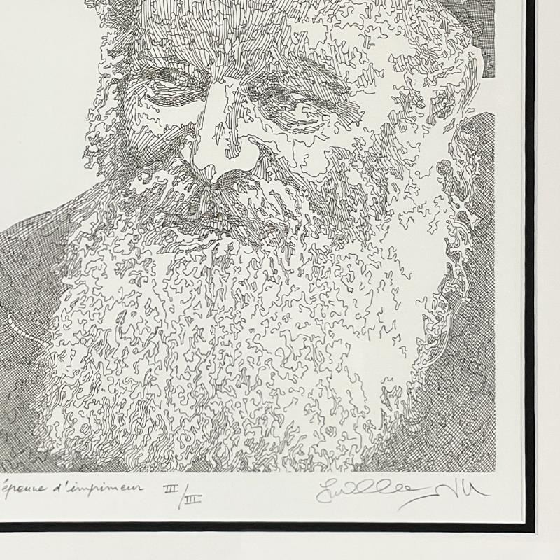 "Rebbe" is a limited edition etching on paper by Guillaume Azoulay, numbered III/III and hand signed by the artist. This piece comes custom framed. Includes Letter of Authenticity. Measures approx. 22" x 27.5" (frame), 10.5" x 16" (image).
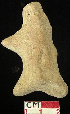 | Description / विवरण | A terracotta archaic male figurine with elongated head, punched eyes, pinched nose, slit mouth, out stretched stumpy right arm is intact whereas left is missing, phallus indicated, short wide bridged stumpy legs, dull red, devoid of any surface treatment, handmade. |
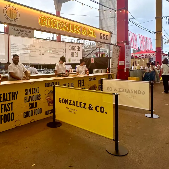 La lona es personalizable, lo que la convierte en un elemento tanto de separación como publicitario. Recomendamos elegir un diseño atractivo para promocionar tu evento, marca o producto.
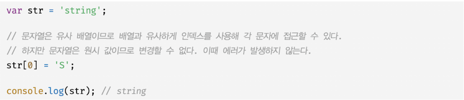 - 이미 생성된 문자열의 일부 문자를 변경하려는 코드에도 에러가 없지만 읽기 전용 값이기 때문에 변경 불가능

→ WORK REQUIRED: For this task, give the full listing again verbatim and keep out every picture.

→ RESULT OF THE TASK:
 "Rebbe" is a limited edition etching on paper by Guillaume Azoulay, numbered III/III and hand signed by the artist. This piece comes custom framed. Includes Letter of Authenticity. Measures approx. 22" x 27.5" (frame), 10.5" x 16" (image).
 | Description / विवरण | A terracotta archaic male figurine with elongated head, punched eyes, pinched nose, slit mouth, out stretched stumpy right arm is intact whereas left is missing, phallus indicated, short wide bridged stumpy legs, dull red, devoid of any surface treatment, handmade. |
 La lona es personalizable, lo que la convierte en un elemento tanto de separación como publicitario. Recomendamos elegir un diseño atractivo para promocionar tu evento, marca o producto.
 - 이미 생성된 문자열의 일부 문자를 변경하려는 코드에도 에러가 없지만 읽기 전용 값이기 때문에 변경 불가능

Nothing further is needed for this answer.